By midday, the government had issued a formal statement expressing indignation at what it called a unilateral measure that ignored ongoing negotiations and the personal involvement of both presidents. It reserved the right to respond under Brazil's reciprocity law, approved by Congress, while simultaneously signaling that it hoped the recommendations would not become actual tariffs. The tone was firm but not combative—the posture of a government that wanted to be taken seriously without burning bridges. The market, for now, seemed willing to wait and see.

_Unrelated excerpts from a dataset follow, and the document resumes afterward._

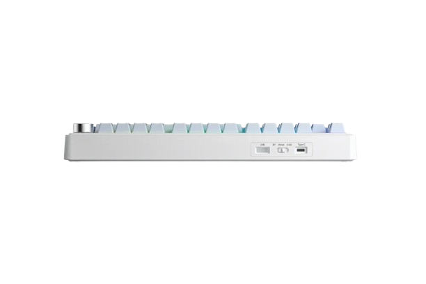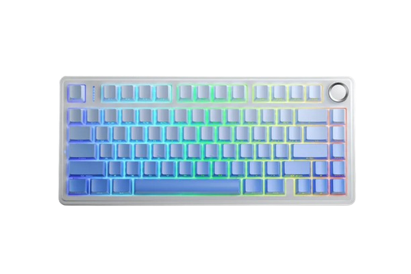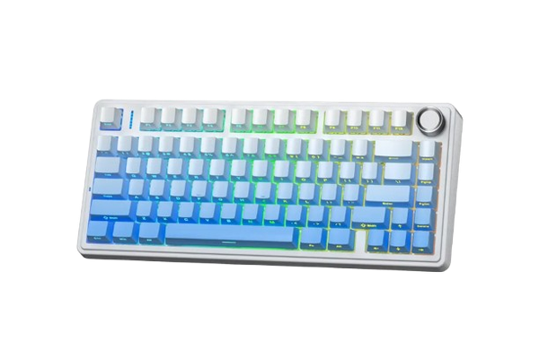 | Đặc điểm nổi bật | • Thiết kế phối màu Trắng + Xanh Dương Gradient – trẻ trung & hiện đại. • Kết nối linh hoạt 3 chế độ: có dây USB-C, không dây 2.4GHz và Bluetooth. • Switch Seiya / Reaper – cảm giác gõ Linear mượt mà và độ bền cao. • Hỗ trợ Hot-Swap toàn bàn phím, dễ dàng thay switch theo sở thích. • Cấu trúc gasket-mount với nhiều lớp đệm giảm âm giúp trải nghiệm gõ yên tĩnh và thoải mái. • Đèn RGB 16,8 triệu màu với nhiều hiệu ứng ánh sáng sống động. • Layout 75% nhỏ gọn (80 phím) – tiết kiệm diện tích bàn nhưng vẫn đầy đủ chức năng. • Độ bền phím lên đến 60 triệu lần bấm – thích hợp cả game thủ và dân văn phòng. |
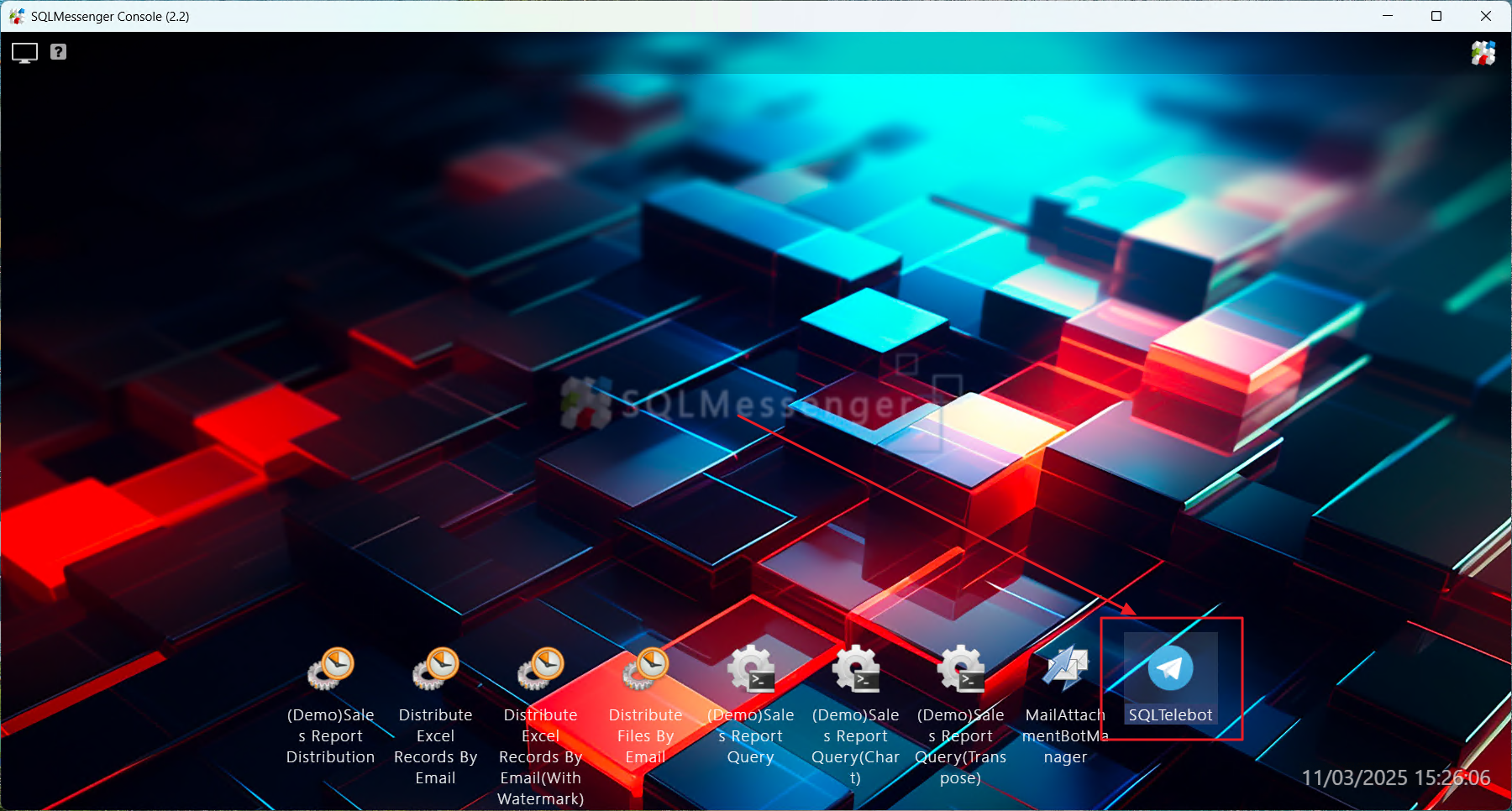 You can open SQLTelebot Manager by double-clicking the "SQLTelebot" icon on the Main Page.
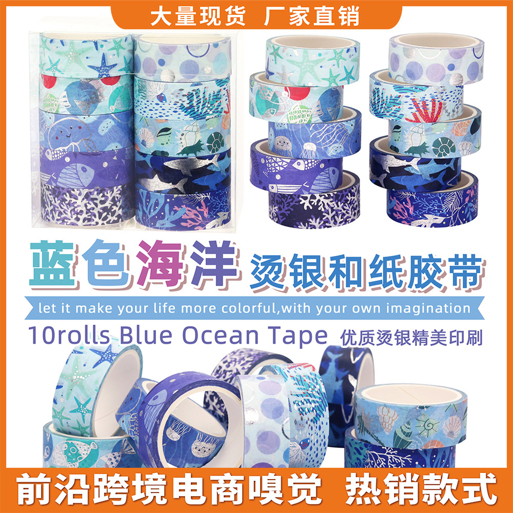공장 직접 공급 작은 신선한 바다 청동 및 종이 테이프 diy 손 계정 귀여운 국경 장식 세트스토어 가기
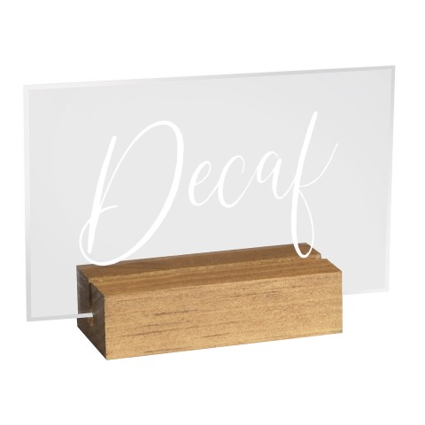Madera Sign, "Decaf", 3-1/2" x 1" x 2-1/2", crystal acrylic signage with bright white modern font, rustic pine wood base
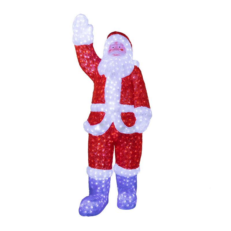 Акриловые фигуры за несколько лет вызвали большой интерес у дизайнеров и частных клиентов. С каждым годом расширяется не только ассортимент акриловых фигур, но и появляются новые технологии нанесения акрила. Эти яркие, светящиеся объемные фигуры, состоящие из металлического каркаса, акрила и светодиодов, применяются для оформления и создания новогодней атмосферы в кафе, ресторанах, торговых центрах, магазинах, на площадях и перед входом, а также просто в частных домах и квартирах. Все фигуры укомплектованы понижающим трансформатором , что обеспечивает безопасность при контактировании, а так же имеют степень защиты IP 65, что позволяет использовать их как в помещении, так и на улице. Акриловая светодиодная фигура "Санта Клаус 210см" высотой 210 см, светящаяся более чем 4000 ярких диодов, выполнена по специальной технологии нанесения акрила. Она позволит Вам создать ту самую, настоящую новогоднюю атмосферу и принести сотни радостных улыбок.
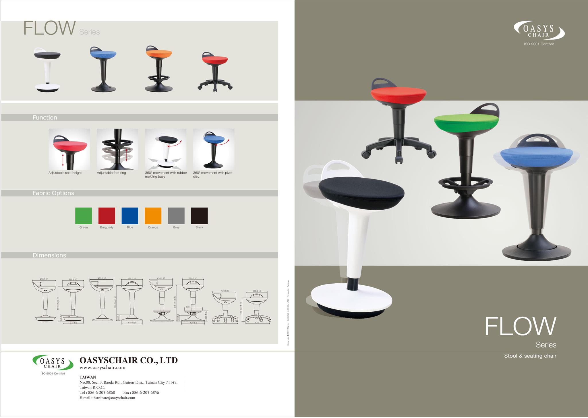 Flow is a product with lightweight, and groove around seat for carrying. The height adjustment is incorporated into the bottom of the seat. Also, the chair allows 360° movements because of rubber molding base, and pivot disc. These designs allows users feel more free when they sit on the chair. A valuable support when you do not want to sit down. The ease of adjustability encourages variation in seat height.
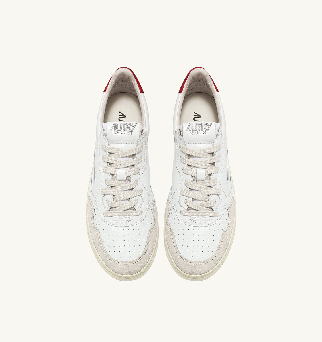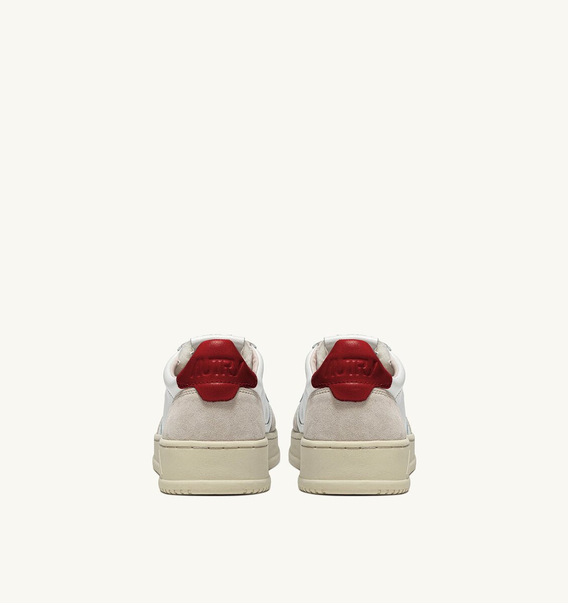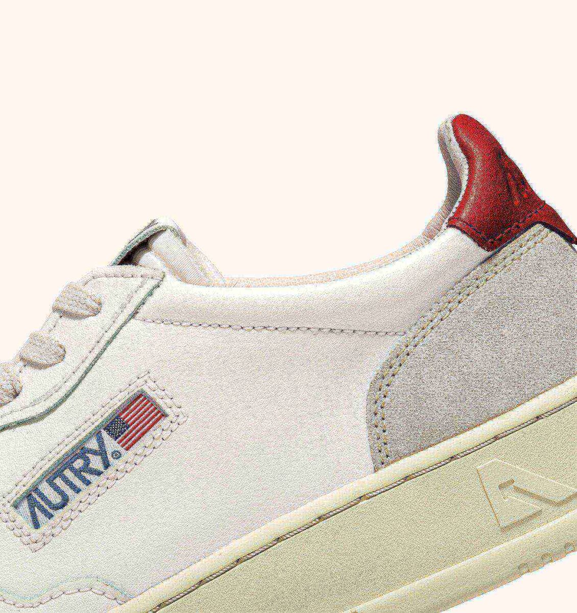 The red leather heel tab is branded with the Autry logo.
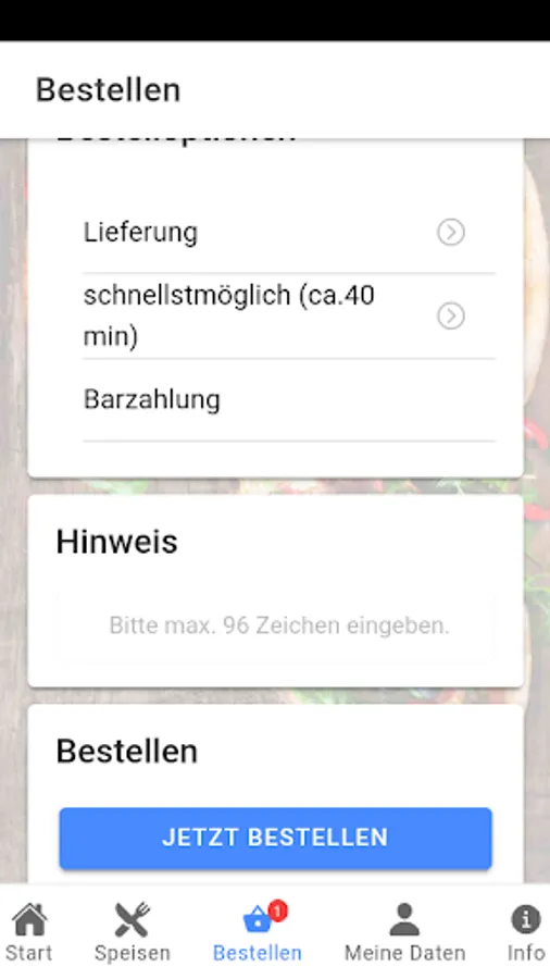 At the beginning, choose your delivery area or whether you want to pick it up yourself in the branch, then you only have to select the food and any ingredients and finally enter your contact details and the desired payment method so that we know where to deliver.
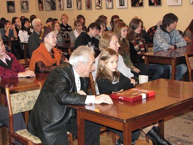 Поздравить фотографа с юбилеем пришли коллеги, родственники, друзья, а также студенты высшего профессионального училища бытового обслуживания, которые только учатся искусству фотографии.

These sons of Bolsonaro are worse than he is. They are traitors to the nation.
— President Luiz Inácio Lula da Silva, criticizing Senator Flávio Bolsonaro's support for the tariff proposal
The government expressed indignation at the unilateral measure, reserved the right to respond under Brazil's reciprocity law, but signaled hope that recommendations would not become actual tariffs.
— Brazilian government statement
A Conversa do Hearth Outra perspectiva sobre a história
Inventor

Why did the market go up when the U.S. proposed tariffs that could hurt Brazilian exports?

Model

Because the tariff proposal, while serious, came with so many exemptions that the actual damage looked limited. Steel and aluminum got hit, but coffee, aircraft, medicines—the big money—stayed protected. The market was pricing in negotiation, not war.

Inventor

So Lula's angry response—calling Bolsonaro's son a traitor—that didn't spook investors?

Model

Not really. The government's anger was directed at domestic politics, not at the U.S. itself. Lula was signaling that he'd been undermined by his opponents, not that he was about to escalate with Trump. The backchannels were still open.

Inventor

What about the dollar falling? Usually tariff threats make currencies weaker.

Model

The dollar did weaken, but only slightly, and only against the real. Globally, the dollar index barely moved. That suggests investors saw this as a Brazil-specific negotiation, not a sign of broader economic trouble. The tariff proposal was ugly, but it wasn't a shock.

Inventor

Vale jumped three percent. Why would a mining company benefit from trade tension?

Model

Because Trump reduced tariffs on steel and aluminum at the same time he proposed the Brazil tariffs. Vale supplies the raw materials for steel. Lower tariffs on finished steel products mean more demand, which means more iron ore sales. It was a silver lining in the cloud.

Inventor

The government said it reserved the right to retaliate. How serious is that threat?

Model

Serious enough to mention, but not serious enough to act on yet. Brazil's playing a long game—it has until July 15 to negotiate, and it knows Trump likes deals. Retaliation would close off negotiation. So the threat is real, but it's a negotiating tool, not a declaration of intent.

Inventor

What does Nubank's stock crash tell us about the moment?

Model

That investors are nervous about anything that looks uncertain. Nubank announced a CFO change that looked like a sign of instability, and the market punished it hard. In a moment when trade policy is in flux, companies that look solid and predictable are worth more. Fintech startups expanding internationally? That's a harder sell right now.